##### Data excerpt #####
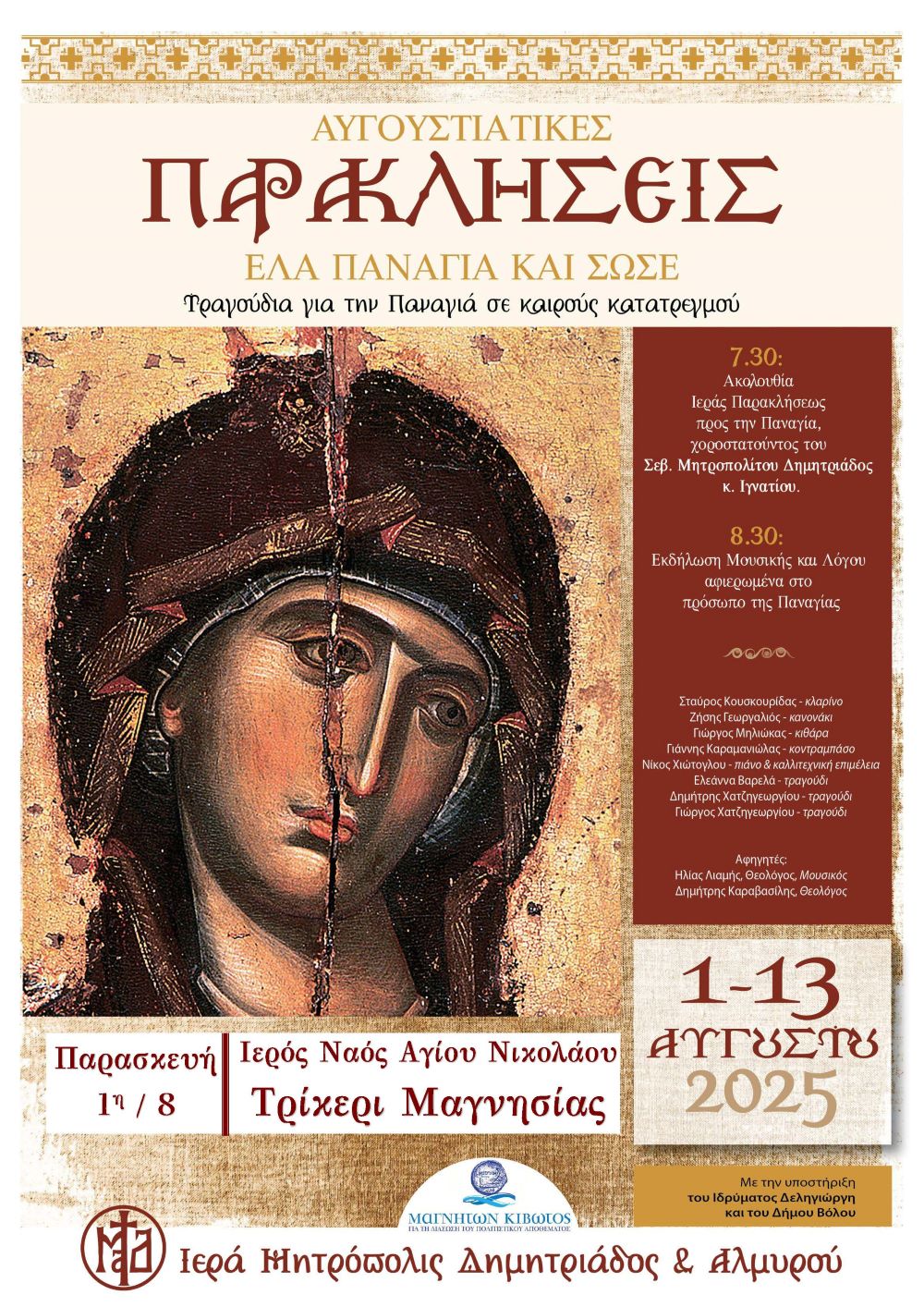 Από τον Ιερό Ναό Αγίου Νικολάου στο Τρίκερι αρχίζουν από αύριο 1η Αυγούστου οι «Αυγουστιάτικες Παρακλήσεις» που διοργανώνονται από τον Πολιτιστικό Φορέα της Ιεράς Μητροπόλεως Δημητριάδος και Αλμυρού «Μαγνήτων Κιβωτός, για τη διάσωση του πολιτικού αποθέματος» με την υποστήριξη του Ιδρύματος Δεληγιώργη και του Δήμου Βόλου .
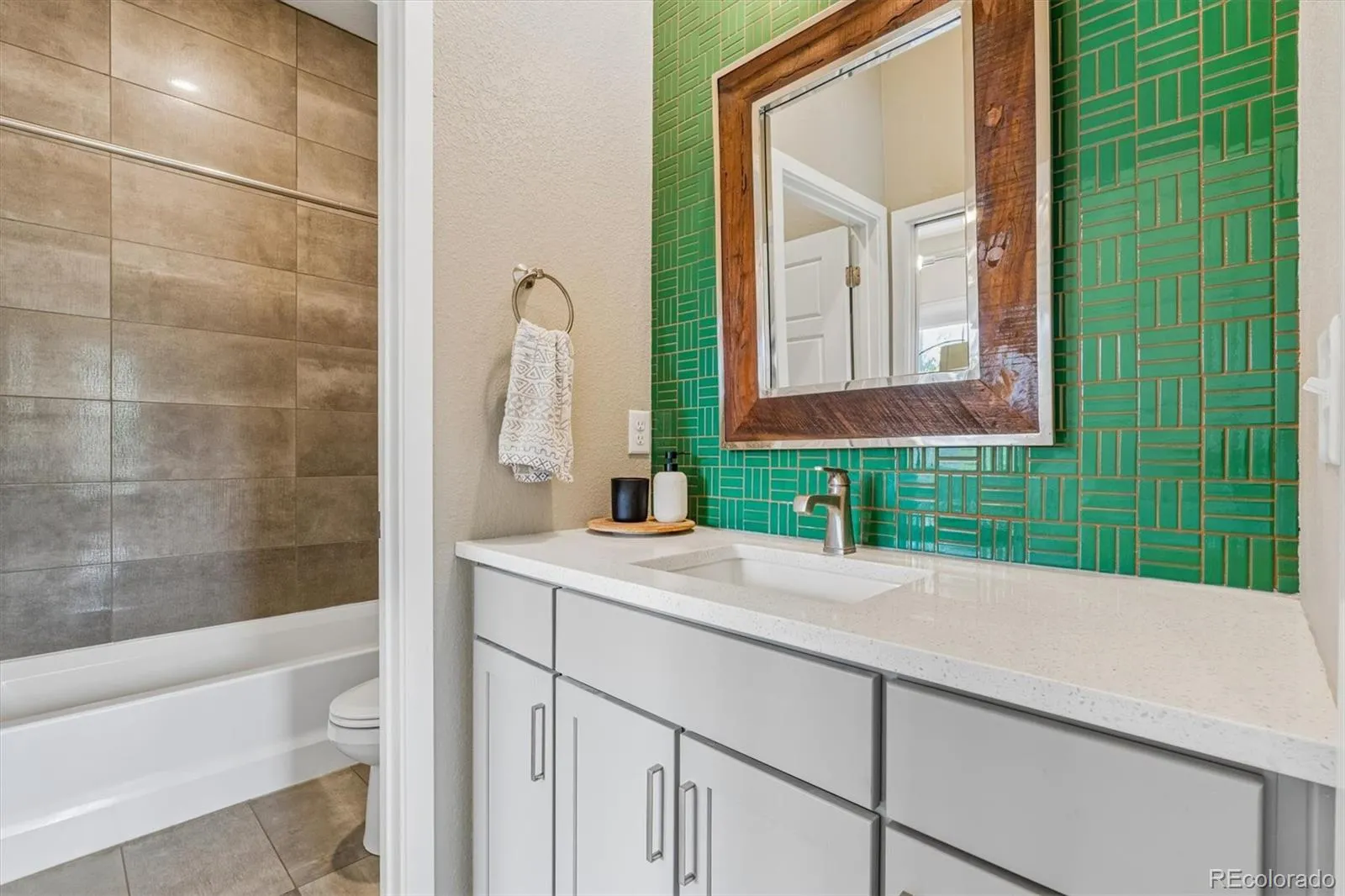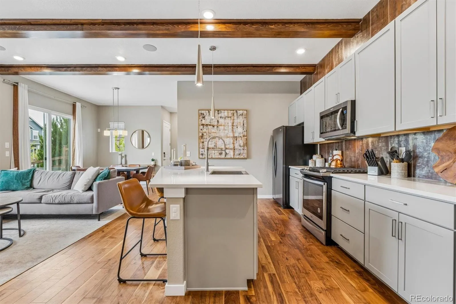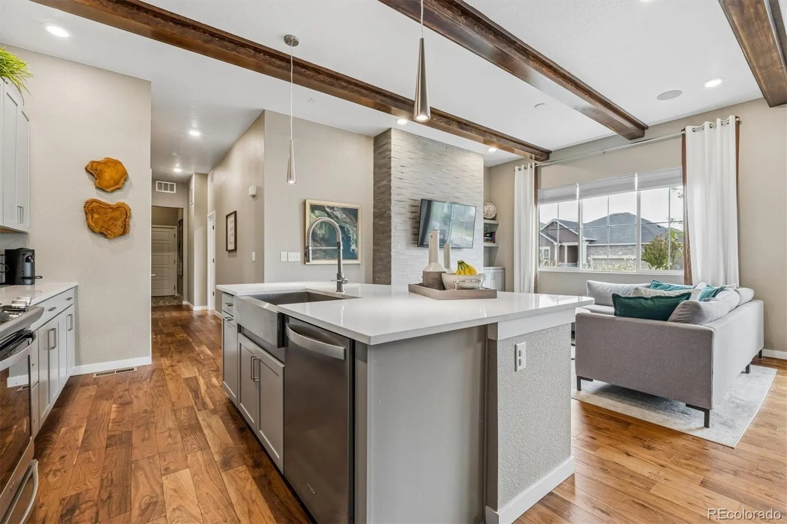 Welcome to this beautifully designed 3 bedroom, 3 bathroom single-family home in Brighton, offering a modern open-concept layout and stylish finishes throughout. The kitchen is a true centerpiece, featuring quartz countertops, light grey cabinetry, and stainless steel appliances, all seamlessly open to the main living space. The living room is filled with natural light and showcases wood flooring, stunning ceiling beams, and a sleek stone fireplace, creating a warm yet contemporary feel. The dining area flows effortlessly between the kitchen and living room, with direct access to the backyard—perfect for everyday living and entertaining. The primary suite is a relaxing retreat, complete with a dramatic accent wall, abundant natural light, a walk-in closet, and a private ensuite bath featuring a dual vanity, walk-in glass shower, and toilet room. A secondary bedroom includes its own ensuite bath, ideal for guests or a growing household. The full bath stands out with an eye-catching accent wall, shower/tub combo, sink, and toilet. The conveniently located laundry room includes washer/dryer hookups, a utility sink, and ample cabinet storage, with direct access to the attached 2-car garage. The finished full basement offers exceptional flexibility with a spacious layout perfect for entertaining, relaxing, and/or home gym. A basement bedroom and full bath with stylish tilework provides a comfortable space for guests or additional living needs. Step outside to enjoy the fully fenced backyard, ideal for summer BBQs, gatherings, kids at play, or pets to roam. Located near shopping, dining, trails, and great schools, this home offers comfort, style, and convenience. Come see today!
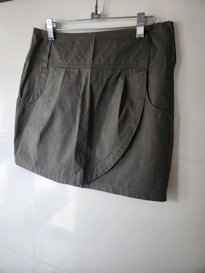 Jupe courte kaki style portefeuille toile Naf Naf - photo numéro 1
#####
▶ **Assignment**
Without the pictures, write out the whole listing above exactly as it appears.

▶ **Completed exercise**
 Από τον Ιερό Ναό Αγίου Νικολάου στο Τρίκερι αρχίζουν από αύριο 1η Αυγούστου οι «Αυγουστιάτικες Παρακλήσεις» που διοργανώνονται από τον Πολιτιστικό Φορέα της Ιεράς Μητροπόλεως Δημητριάδος και Αλμυρού «Μαγνήτων Κιβωτός, για τη διάσωση του πολιτικού αποθέματος» με την υποστήριξη του Ιδρύματος Δεληγιώργη και του Δήμου Βόλου .
 Welcome to this beautifully designed 3 bedroom, 3 bathroom single-family home in Brighton, offering a modern open-concept layout and stylish finishes throughout. The kitchen is a true centerpiece, featuring quartz countertops, light grey cabinetry, and stainless steel appliances, all seamlessly open to the main living space. The living room is filled with natural light and showcases wood flooring, stunning ceiling beams, and a sleek stone fireplace, creating a warm yet contemporary feel. The dining area flows effortlessly between the kitchen and living room, with direct access to the backyard—perfect for everyday living and entertaining. The primary suite is a relaxing retreat, complete with a dramatic accent wall, abundant natural light, a walk-in closet, and a private ensuite bath featuring a dual vanity, walk-in glass shower, and toilet room. A secondary bedroom includes its own ensuite bath, ideal for guests or a growing household. The full bath stands out with an eye-catching accent wall, shower/tub combo, sink, and toilet. The conveniently located laundry room includes washer/dryer hookups, a utility sink, and ample cabinet storage, with direct access to the attached 2-car garage. The finished full basement offers exceptional flexibility with a spacious layout perfect for entertaining, relaxing, and/or home gym. A basement bedroom and full bath with stylish tilework provides a comfortable space for guests or additional living needs. Step outside to enjoy the fully fenced backyard, ideal for summer BBQs, gatherings, kids at play, or pets to roam. Located near shopping, dining, trails, and great schools, this home offers comfort, style, and convenience. Come see today!
 Jupe courte kaki style portefeuille toile Naf Naf - photo numéro 1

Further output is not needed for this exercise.